Tuesday, September 27, 2011

Walgreen Can Cure What Ails Your Portfolio, CVS Not As Much

Do drugstores offer investment value? It's a tough question because drug store have changed along with the health care market. While CVS Caremark (NYSE: CVS) has merged with a pharmacy benefit manager (PBM) -- a company that negotiates with health care product and service providers on behalf of corporate health plans, Walgreen's (NYSE: WAG) has remained pretty much the same -- except that like CVS it offers in-store medical care.

In 2006, CVS merged with Caremark, a PBM, in a $26.5 billion deal that finally closed in 2007. The idea was to create a $75 billion drug distributor whose greater scale would enable it to negotiate bigger volume discounts with the pharmaceutical companies. This deal was intended to lower corporate health care costs while achieving cost savings to help pay back the price premium.

Meanwhile, Walgreen has stuck closer to its knitting. In 2010, it spent $1.1 billion to expand its presence in New York City by acquiring Duane Reade. The deal more than doubled the number of pharmacies that Walgreen operates in the city.

Meanwhile, both CVS and Walgreens began in-store health clinics staffed by nurse practitioners in 2009. These clinics allow patients to obtain care for relatively minor health problems without an appointment. And after they are treated, they can buy their prescriptions in the stores.

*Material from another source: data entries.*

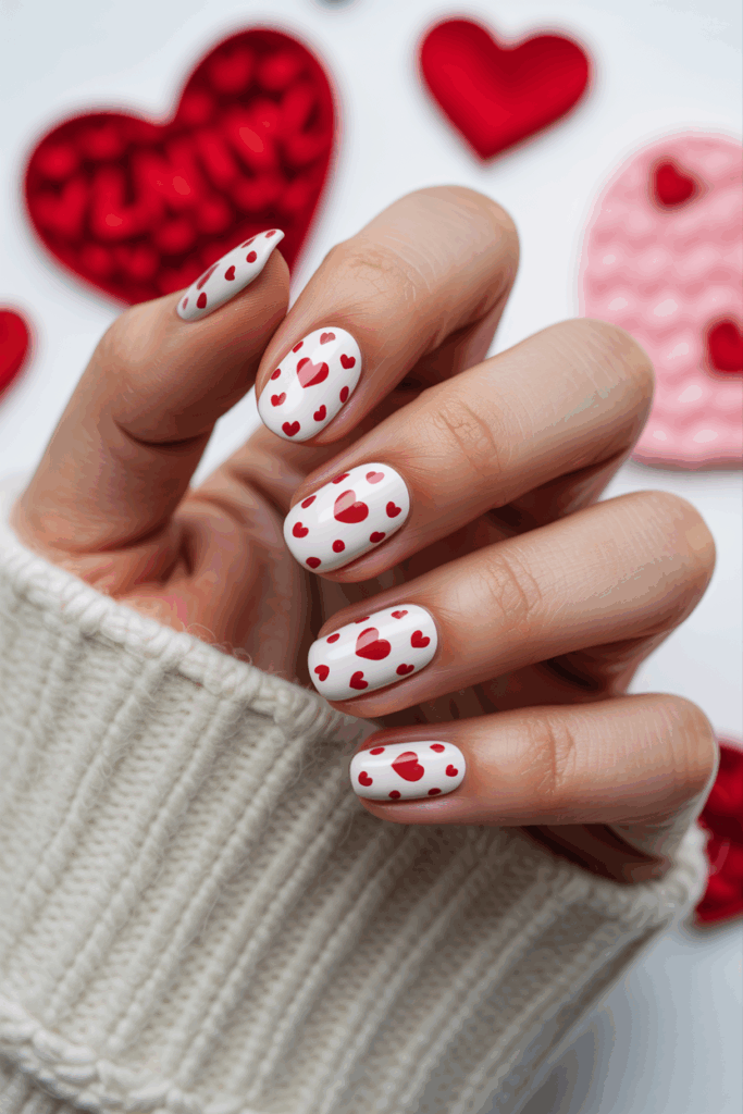 This design uses a clean white base to highlight red polka dot hearts. The small hearts are evenly placed, creating a balanced and simple look. It combines classic Valentine’s colors in a neat and stylish way. This style works well for any nail length or shape.
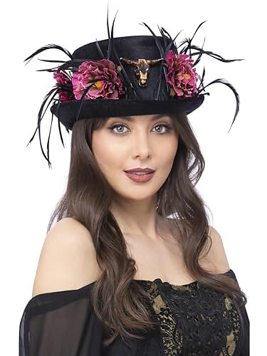 Hög Hatt Svart Blommor och Fjädrar
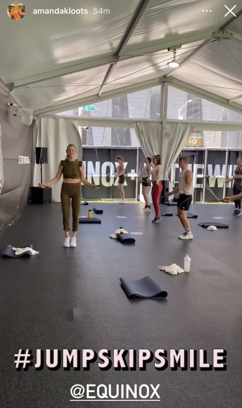 Amanda Kloots got right to it today with her AK Rope class at Equinox, Amanda was at Equinox outdoors on 30th Street and Tenth Avenue where Equinox In The Wild tent is located for people to workout as it is a safe space against COVID, with all the room to workout, and you are less susceptible to catch the virus, EQX In The Wild is also in the Hudson Yards area of Midtown Manhattan, where Equinox Hotel and Equinox destination location is, and where Amanda will be teaching tomorrow.
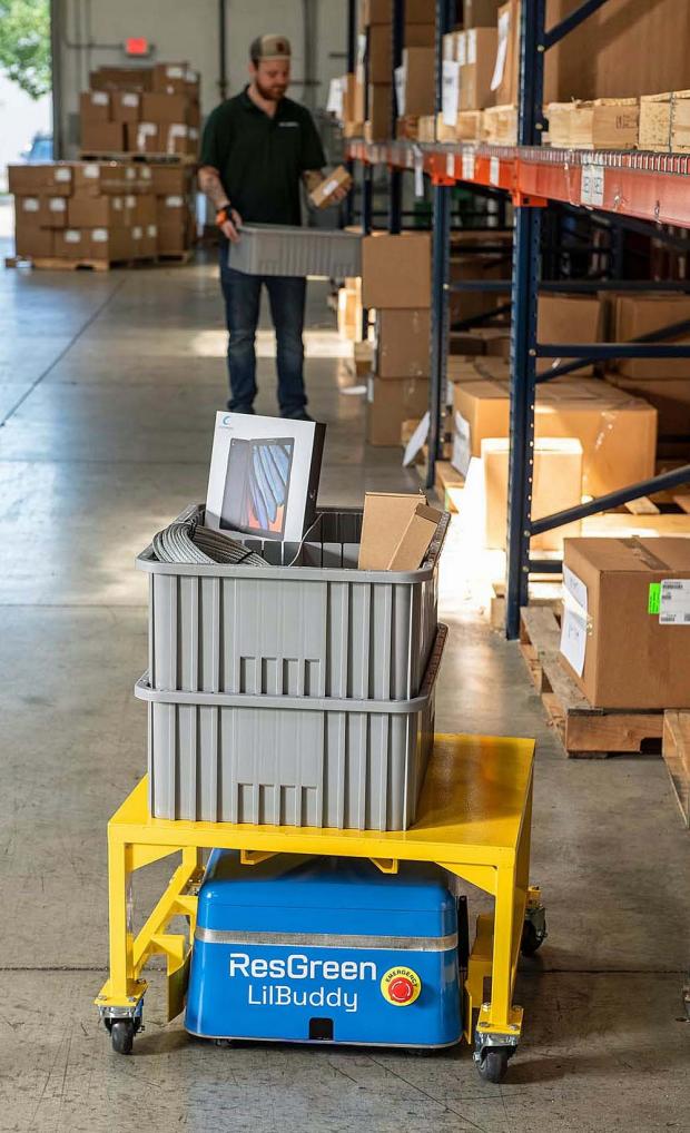The LilBuddy AMR brings automated movement to any business through its optimized, compact size and flexible natural feature guidance, ResGreen said. Featuring a 17-inch by 17-inch base, LilBuddy is one of the smallest AMRs in the market, with an ability to rotate 360 degrees to help with congested environments and narrow aisles.
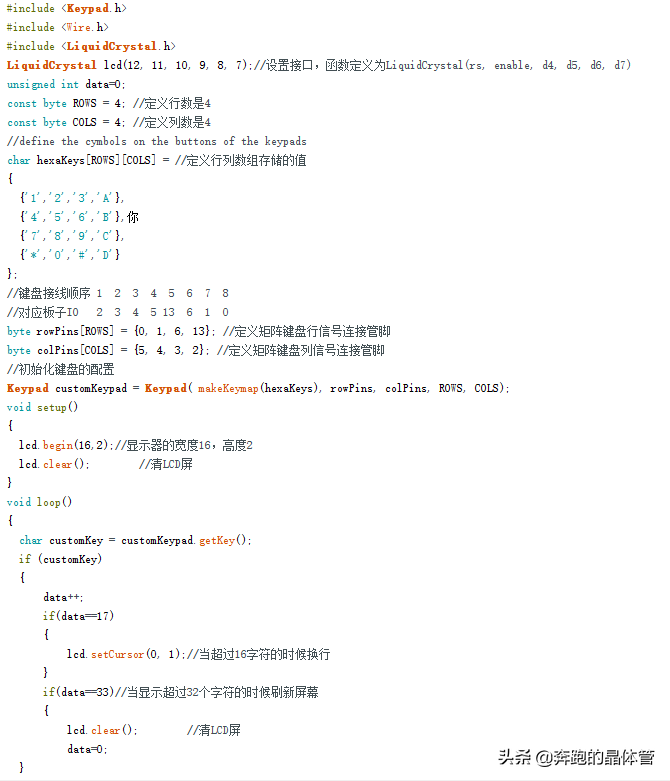Arduino的矩阵键盘的驱动的是库函数的形式,直接调用库的键盘配置函数和扫描函数,对键盘识别,所以Arduino的库函数使用起来还是挺方便的。

But do these trends make CVS and Walgreens attractive investments? Here's my take:
  • Walgreen: profitable, growing, cheap stock. Walgreen revenues are up 6.4% in the last year to $71 billion during which it posted a $2.4 billion profit, up 4.2%. the stock is fairly priced -- based on a Price-earnings-to-Growth ratio of 1.02 (1.0 is fair value). Walgreen's P/E is 13.2 on earnings forecast to grow at 12.9% to $2.96 in fiscal 2012. Tuesday, Walgreen reported a 69% pop in net income but also terminated a $5.3 billion deal with Express Scripts (NYSE: ESRX) because Walgreen felt it was not getting paid enough to fill its prescriptions.
  • CVS: profitable, fairly priced stock. CVS revenues fell 2.3% to $101 billion in the last year and its net income of $3.4 billion was down 7.4%. Although it has a slim profit margin, the stock is fairly priced -- based on a Price-earnings-to-Growth ratio of 0.98 (1.0 is fair value). CVS's P/E is 14 on earnings forecast to grow at 14.3% to $3.18 in fiscal 2012. CVS's second quarter adjusted earnings of 65 cents beat expectations by a penny and were the same as the previous year.Thanks to contract wins in its PBM sector, its revenues there were up 23.2% but its margins remain tight

I like Walgreen better than CVS because of its more rapid revenue and profit growth and its reasonable valuation.